Le triangle droit se rapporte proprement au Principe ; mais, quand il est inversé par reflet dans la manifestation, le regard de l’œil qu’il contient apparaît en quelque sorte comme dirigé « vers le bas »(8), c’est-à-dire du Principe vers la manifestation elle-même, et, outre son sens général d’« omniprésence », il prend alors plus nettement la signification spéciale de « Providence ». D’autre part, si ce reflet est envisagé plus particulièrement dans l’être humain, on doit noter que la forme du triangle inversé n’est autre que le schéma géométrique du cœur(9) ; l’œil qui est en son centre est alors proprement l’« œil du cœur » (aynul-qalb de l’ésotérisme islamique), avec toutes les significations qui y sont impliquées. De plus, il convient d’ajouter que c’est par là que, suivant une autre expression connue, le cœur est « ouvert » (el-qalbul-maftûh) ; cette ouverture, œil ou iod, peut être figurée symboliquement comme une « blessure », et nous rappellerons à ce propos le cœur rayonnant de Saint-Denis d’Orques, dont nous avons déjà parlé précédemment(10), et dont une des particularités les plus remarquables est précisément que la blessure, ou ce qui en présente extérieurement l’apparence, affecte visiblement la forme d’un iod.

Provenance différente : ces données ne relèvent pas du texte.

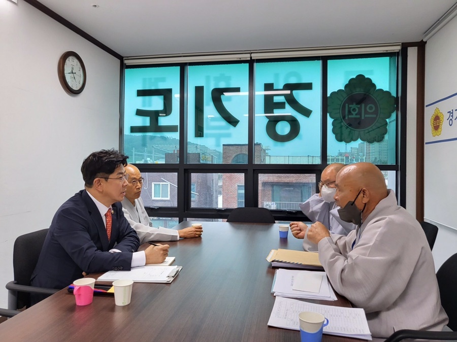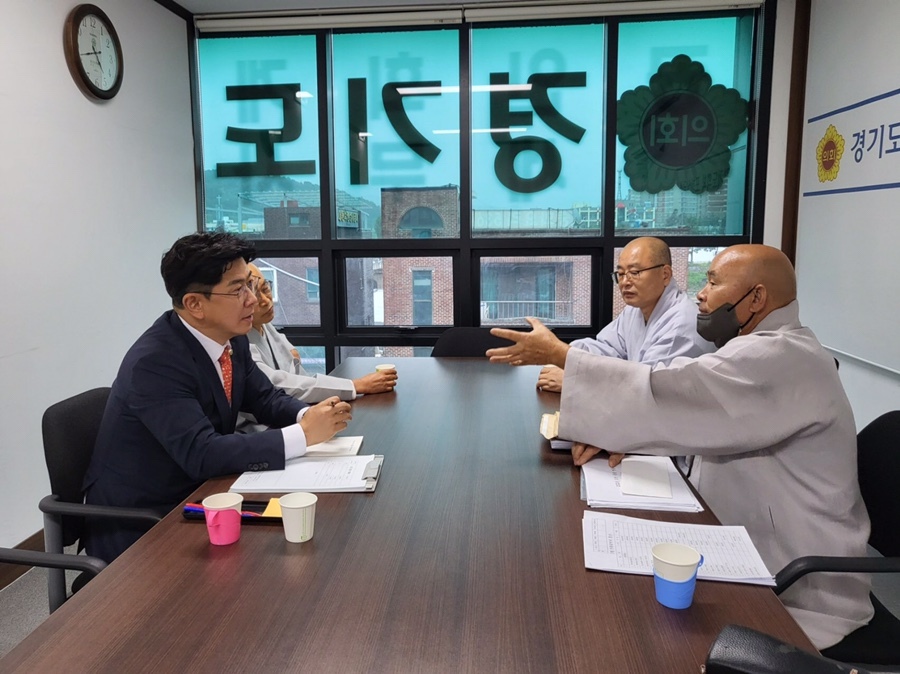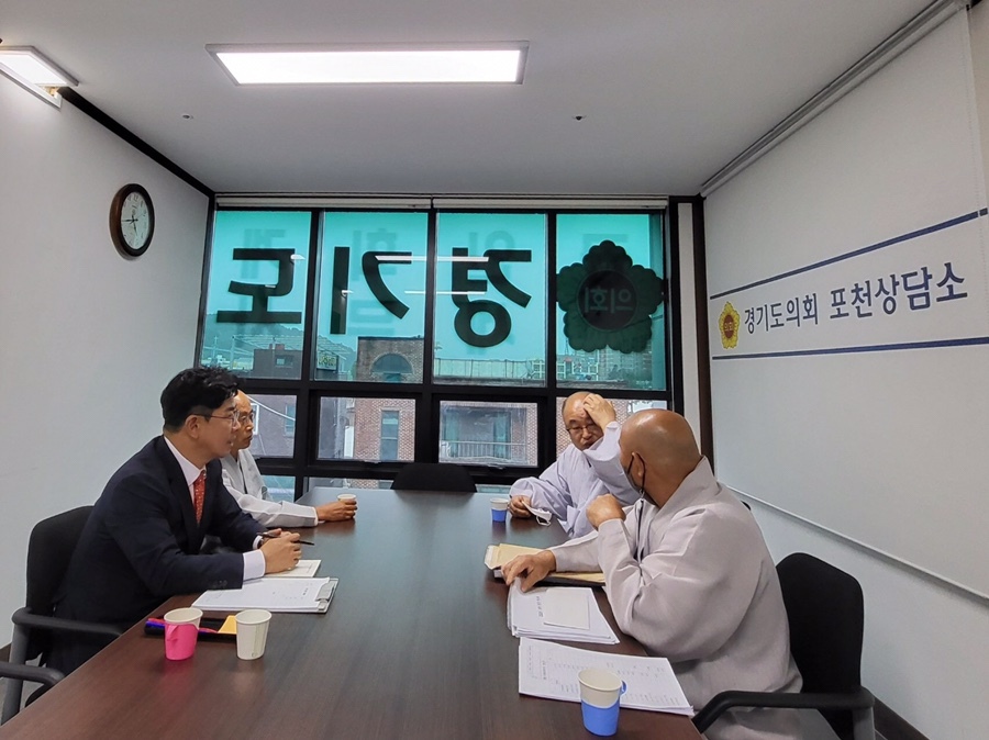 포천시 불교사암연합회 회장 왕산사 왕산 주지스님과 사무총장 천해사 법운스님 그리고 흥룡사 자공 주지스님께서 경기도의회 포천상담소를 방문하셔서 2023년에 개최될 포천 물골 연등축제 개최방안과 지원에 대한 깊은 논의가 있었습니다.

Ce n’est pas tout encore : en même temps qu’il figure l’« œil du cœur » comme nous venons de le dire, le iod, suivant une de ses significations hiéroglyphiques, représente aussi un « germe », contenu dans le cœur assimilé symboliquement à un fruit ; et ceci peut d’ailleurs être entendu aussi bien au sens macrocosmique qu’au sens microcosmique(11). Dans son application à l’être humain, cette dernière remarque est à rapprocher des rapports du « troisième œil » avec le luz(12), dont l’« œil frontal » et l’« œil du cœur » représentent en somme deux « localisations » différentes, et qui est aussi le « noyau » ou le « germe d’immortalité »(13). Ce qui est encore très significatif à certains égards, c’est que l’expression arabe aynul-khuld présente le double sens d’« œil d’immortalité » et de « fontaine d’immortalité » ; et ceci nous ramène à l’idée de la « blessure » dont nous parlions plus haut, car, dans le symbolisme chrétien, c’est aussi à la « fontaine d’immortalité » que se rapporte le double jet de sang et d’eau s’échappant de l’ouverture du cœur du Christ(14). C’est cette « liqueur d’immortalité » qui, suivant la légende, fut recueillie dans le Graal par Joseph d’Arimathie ; et nous rappellerons enfin à ce sujet que la coupe elle-même est un équivalent symbolique du cœur(15), et que, tout comme celui-ci, elle est aussi un des symboles qui sont schématisés traditionnellement par la forme du triangle inversé.